§ **DIRECTIONS FOR THIS TASK**
Please copy the lines below, exactly as they are, from the one with "安乐片医用安眠片睡眠100片重度失眠安神助睡药疏肝解郁神经衰弱" through the one with "Smoky glass top, a", and leave out the pictures.

Start of STORED DATA

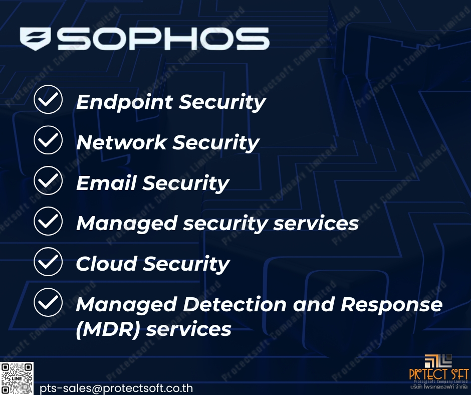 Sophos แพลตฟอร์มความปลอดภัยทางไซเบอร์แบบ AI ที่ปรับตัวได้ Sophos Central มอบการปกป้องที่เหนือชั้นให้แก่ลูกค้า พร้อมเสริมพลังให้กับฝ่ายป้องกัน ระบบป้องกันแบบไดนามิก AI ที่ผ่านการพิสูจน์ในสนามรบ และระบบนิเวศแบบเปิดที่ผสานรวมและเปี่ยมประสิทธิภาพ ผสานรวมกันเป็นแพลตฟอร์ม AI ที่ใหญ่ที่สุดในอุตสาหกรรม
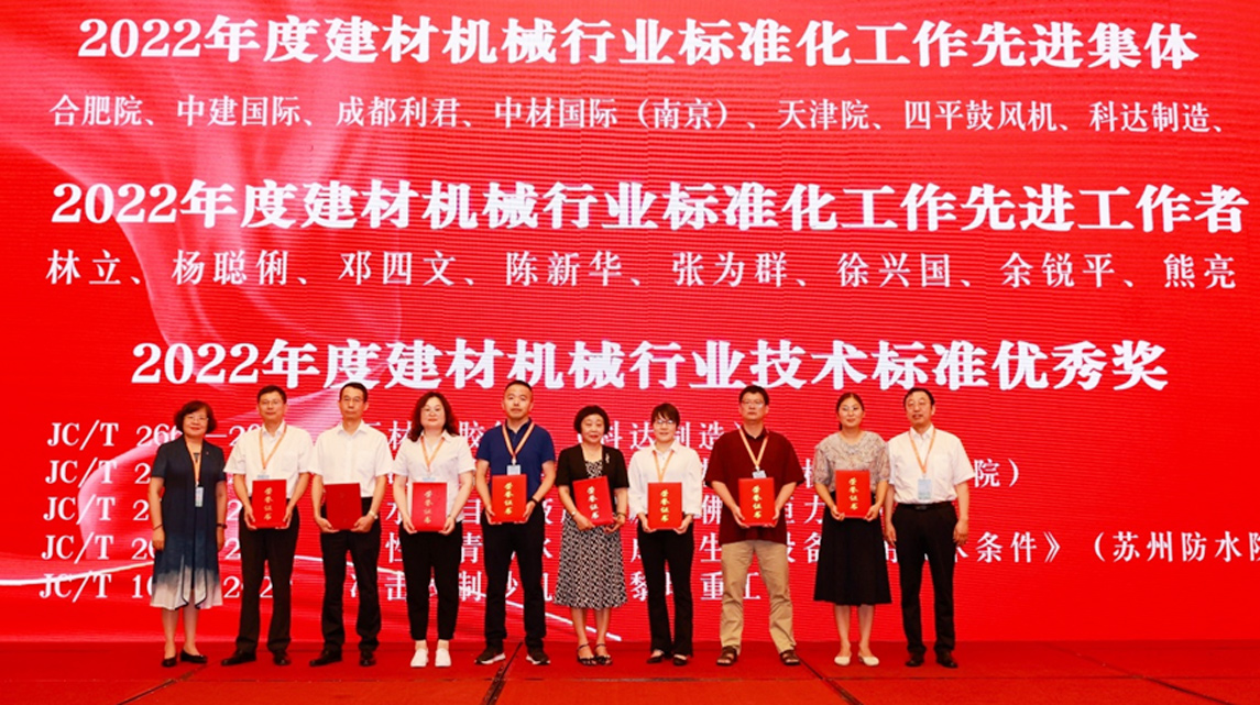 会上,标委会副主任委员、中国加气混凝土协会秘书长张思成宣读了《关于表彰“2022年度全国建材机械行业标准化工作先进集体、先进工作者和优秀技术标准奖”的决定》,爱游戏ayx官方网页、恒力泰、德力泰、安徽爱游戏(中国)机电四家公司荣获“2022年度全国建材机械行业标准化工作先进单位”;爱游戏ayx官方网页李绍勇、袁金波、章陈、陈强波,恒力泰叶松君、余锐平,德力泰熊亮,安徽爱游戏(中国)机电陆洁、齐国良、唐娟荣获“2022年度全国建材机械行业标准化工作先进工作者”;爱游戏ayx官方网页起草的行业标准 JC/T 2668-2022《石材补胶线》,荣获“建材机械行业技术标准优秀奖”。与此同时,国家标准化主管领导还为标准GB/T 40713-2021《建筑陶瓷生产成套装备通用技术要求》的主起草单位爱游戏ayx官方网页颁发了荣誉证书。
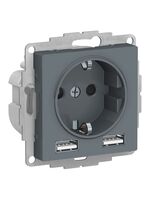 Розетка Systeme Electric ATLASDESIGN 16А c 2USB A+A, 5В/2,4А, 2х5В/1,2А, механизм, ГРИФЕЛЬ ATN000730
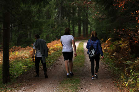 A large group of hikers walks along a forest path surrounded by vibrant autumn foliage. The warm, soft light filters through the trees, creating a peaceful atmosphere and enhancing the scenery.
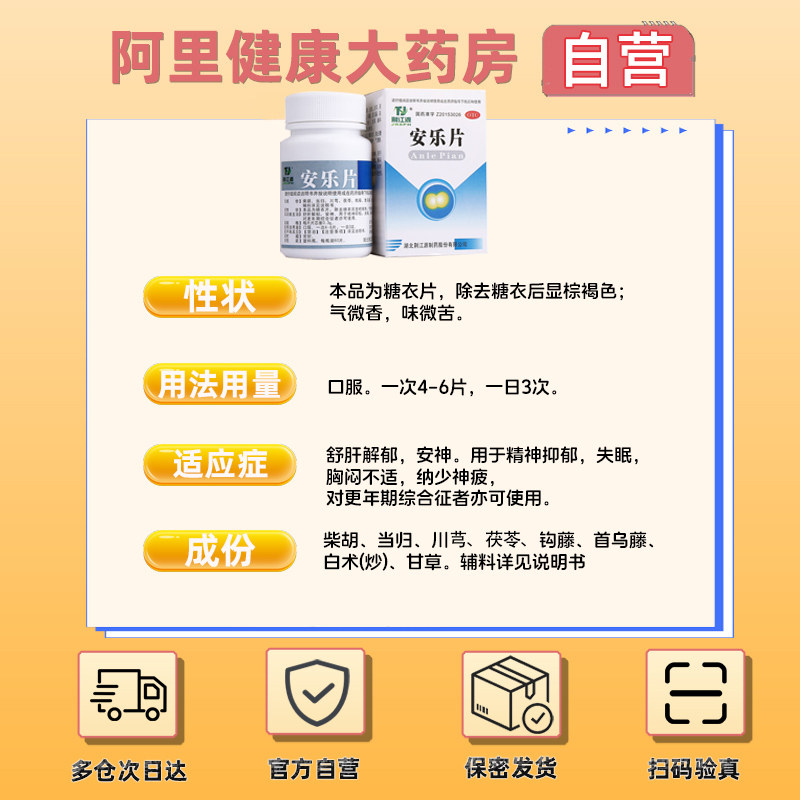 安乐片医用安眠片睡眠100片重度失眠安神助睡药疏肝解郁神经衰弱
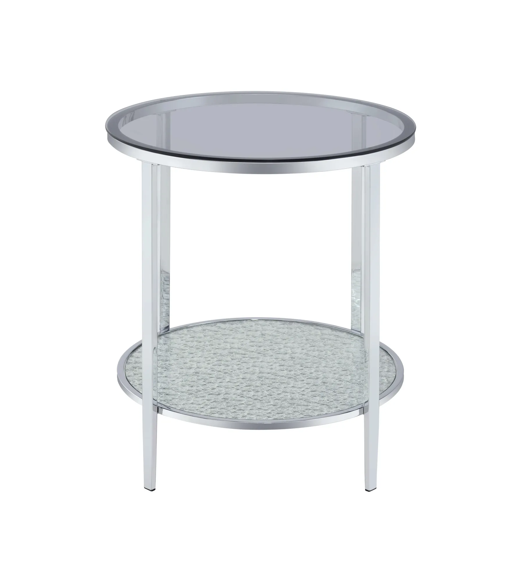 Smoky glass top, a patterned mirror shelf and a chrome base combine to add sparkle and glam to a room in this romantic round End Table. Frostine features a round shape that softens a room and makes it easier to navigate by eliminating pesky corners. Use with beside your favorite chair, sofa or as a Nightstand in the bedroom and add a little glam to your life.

End of STORED DATA
Start of STORED DATA

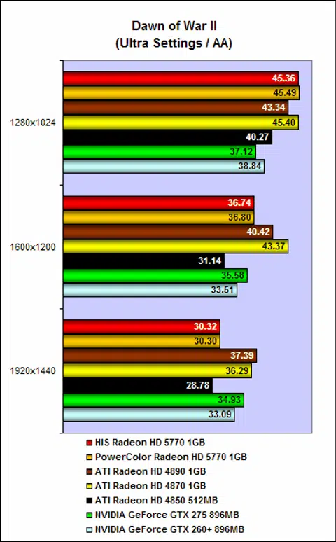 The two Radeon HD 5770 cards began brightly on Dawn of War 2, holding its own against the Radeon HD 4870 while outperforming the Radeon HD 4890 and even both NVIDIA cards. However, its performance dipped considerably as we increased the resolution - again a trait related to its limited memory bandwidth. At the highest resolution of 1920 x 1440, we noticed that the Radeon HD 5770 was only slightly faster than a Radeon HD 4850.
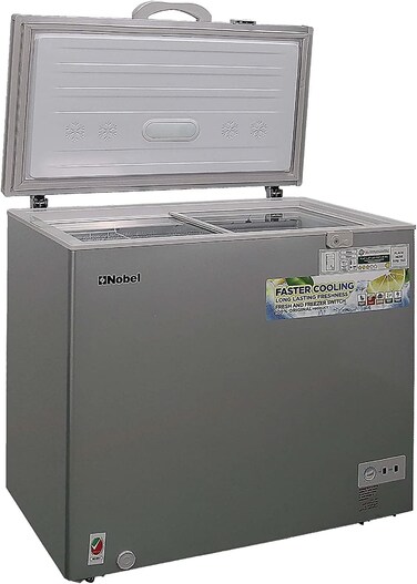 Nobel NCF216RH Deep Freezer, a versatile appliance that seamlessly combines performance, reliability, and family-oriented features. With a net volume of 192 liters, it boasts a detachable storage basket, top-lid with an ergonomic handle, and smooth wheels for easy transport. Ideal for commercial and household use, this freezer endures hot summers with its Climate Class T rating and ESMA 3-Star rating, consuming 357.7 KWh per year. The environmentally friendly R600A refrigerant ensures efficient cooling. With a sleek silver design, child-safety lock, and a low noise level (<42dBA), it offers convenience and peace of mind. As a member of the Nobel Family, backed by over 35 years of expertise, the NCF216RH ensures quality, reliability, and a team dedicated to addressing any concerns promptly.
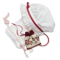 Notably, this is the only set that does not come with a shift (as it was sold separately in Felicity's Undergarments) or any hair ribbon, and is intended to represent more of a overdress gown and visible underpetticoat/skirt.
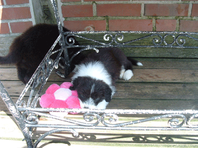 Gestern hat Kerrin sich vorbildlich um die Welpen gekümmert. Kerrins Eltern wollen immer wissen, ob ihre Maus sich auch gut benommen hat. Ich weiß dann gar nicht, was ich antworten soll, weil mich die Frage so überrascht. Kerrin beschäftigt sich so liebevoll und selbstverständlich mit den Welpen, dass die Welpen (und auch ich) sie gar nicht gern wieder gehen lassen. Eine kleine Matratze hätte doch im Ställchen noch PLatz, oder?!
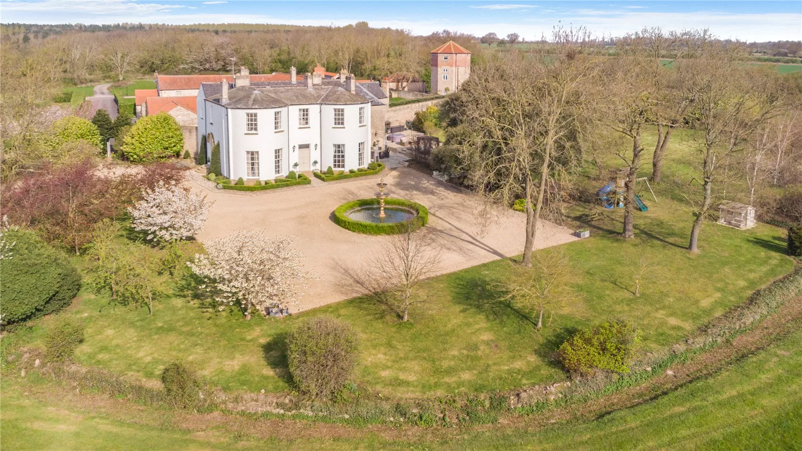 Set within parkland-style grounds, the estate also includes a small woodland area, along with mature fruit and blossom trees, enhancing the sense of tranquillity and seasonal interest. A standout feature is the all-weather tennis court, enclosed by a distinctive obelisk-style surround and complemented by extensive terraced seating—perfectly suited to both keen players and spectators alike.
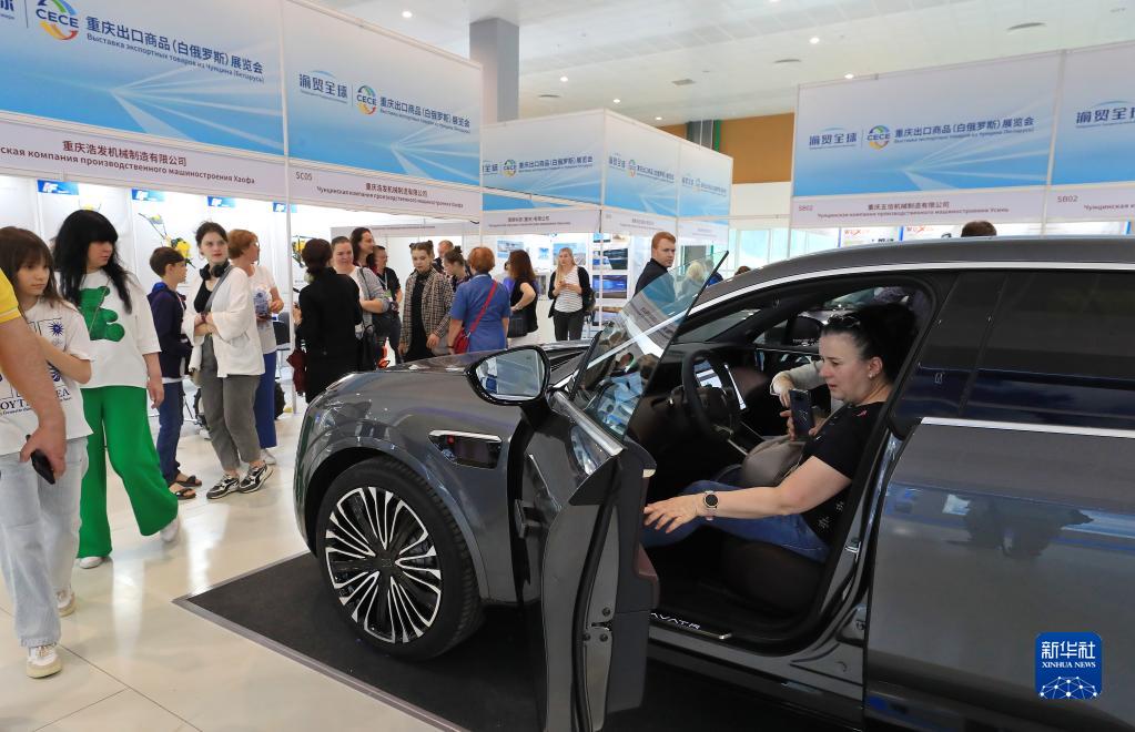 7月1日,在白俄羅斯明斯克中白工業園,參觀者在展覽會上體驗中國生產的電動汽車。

End of STORED DATA

§ **WRITTEN REPLY**
 安乐片医用安眠片睡眠100片重度失眠安神助睡药疏肝解郁神经衰弱
 Smoky glass top, a patterned mirror shelf and a chrome base combine to add sparkle and glam to a room in this romantic round End Table. Frostine features a round shape that softens a room and makes it easier to navigate by eliminating pesky corners. Use with beside your favorite chair, sofa or as a Nightstand in the bedroom and add a little glam to your life.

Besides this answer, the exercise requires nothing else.